I will be as brief as I can, Dame Rosie. There is much that I loathe in this Bill, but I will concentrate on children’s detention. I speak in support the amendments tabled in my name, as well as new clause 18. I wish to speak on this issue because I am not sure how many Members have experience of having children locked up in their constituency in the way that the right hon. Member for Orkney and Shetland (Mr Carmichael) has, and it was the same in my constituency. For some years I was the house father of a small-unit children’s home near Heathrow, and it is important that Members fully understand and appreciate the consequences of their actions in supporting the Bill.

I have two detention centres in my constituency—Harmondsworth and Colnbrook. Prior to 2012, children and their families were detained in Harmondsworth in particular. They were locked in; they were imprisoned. The last report from His Majesty’s Inspectorate of Prisons described the setting in Harmondsworth as “bleak” and “prisonlike”, and it is. The experience of the regime is harsh. We have had suicides, and we had another death in Colnbrook last Sunday—that has been referred to. At Harmondsworth the place has been burned down during riots, twice.

I visited when the children were there, like the right hon. Member for Orkney and Shetland. I will tell the story of one of my visits to Harmondsworth, where the children were detained. We had a small classroom to deal with children. They were of primary and secondary age, and it was heart-rending. On one occasion when I visited they had a poetry lesson, and they chose to write a poem on a subject of their choice. One of the young girls wrote on the subject of freedom. She wrote:

“Freedom is the sound outside the gate.”

It broke my heart seeing those children locked up in that way, and all the experts I have spoken to—teachers, child psychologists, doctors—reported the impact that that was having in traumatising those children, often scarring them for life. We also demonstrated time and time again, from the various research reports on the children’s experiences, that they suffered from post-traumatic stress disorder. Their experiences in detention exacerbated and piled on top of what many had already experienced in their country of origin which had forced them and their families to flee, and their experiences on the journey here. In one Children’s Society report at the time, the expression “state-sponsored cruelty” was used.

In the children’s home where I was a house father, we dealt with some of the children who had been coming from detention. We understood the traumas they had gone through.

Before 2010, just to remind the House, many of us, on a cross-party basis—Conservative, Labour, Liberals and others—campaigned to end child detention because the numbers were increasing year on year. Once a principle is established, it is interesting how the numbers increase. At one point, there was an estimated 1,000 children and families in Yarl’s Wood. The campaigns made it an issue in the run-up to the 2010 general election and many of us signed a commitment to make this country a place of sanctuary. Thank God, what happened was that the people of this country woke up to what we were doing to children and the way children were being treated. Children’s Society reports evidenced the individual experiences of children, as well as the research. We made the sanctuary pledge. Citizens UK, religious bodies, community groups and trade unions came together in one mass campaign.

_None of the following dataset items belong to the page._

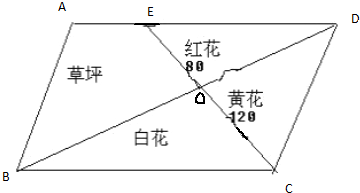 绿岛花园小区内有1个平行四边形的花圃,如图所示,已知红花占地80平方米,黄花占地120米,BD是对角线,与CE交于点O,草坪ABOE的面积是多少平方米?
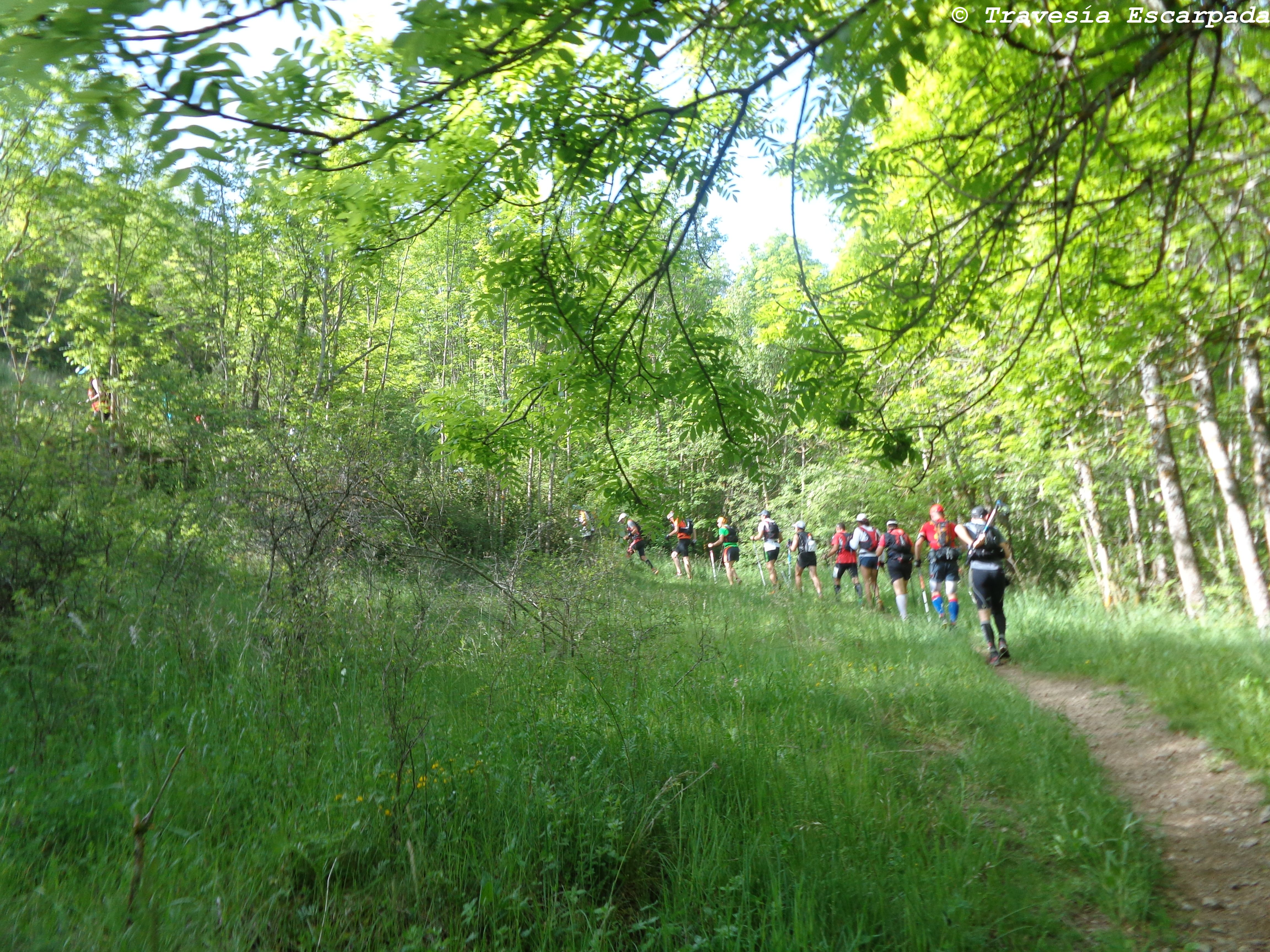 Un descenso con gran pendiente, entre piedras sueltas y mucha ramaje. Cuidando las articulaciones.
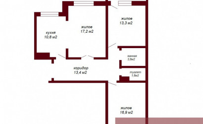 3-комнатная, 69.2/39.6/14.1 м2, Этаж 5 из 5, 1988 г.

We had a huge breakthrough after the election. David Cameron was convinced and was supported by, yes, Nick Clegg and—she is no longer in her place—the right hon. Member for Maidenhead (Mrs May). Over a decade ago, we ended, with unanimity in this House, the routine detention of children. No more children were imprisoned in Harmondsworth in my constituency, or in any other detention centre or prison-like facility. We took that pledge and we enacted it in legislation with cross-party support in 2014. There were some exceptions, obviously. I regretted some of them, but I could understand some reasons why. There were a small number where pre-departure accommodation was provided, but no child was left in a detention centre.

The Bill, whatever the Minister says, removes the protections we, cross-party, arrived at unanimously over a decade ago. My plea to this House is this: please do not take us back to those barbaric days. The lives of children are devastated. The estimate is that 8,000 children face detention under the proposals in the Bill. It will create lasting, almost irrecoverable damage to those children. I just appeal, in all humanity, for the House to reject the proposals.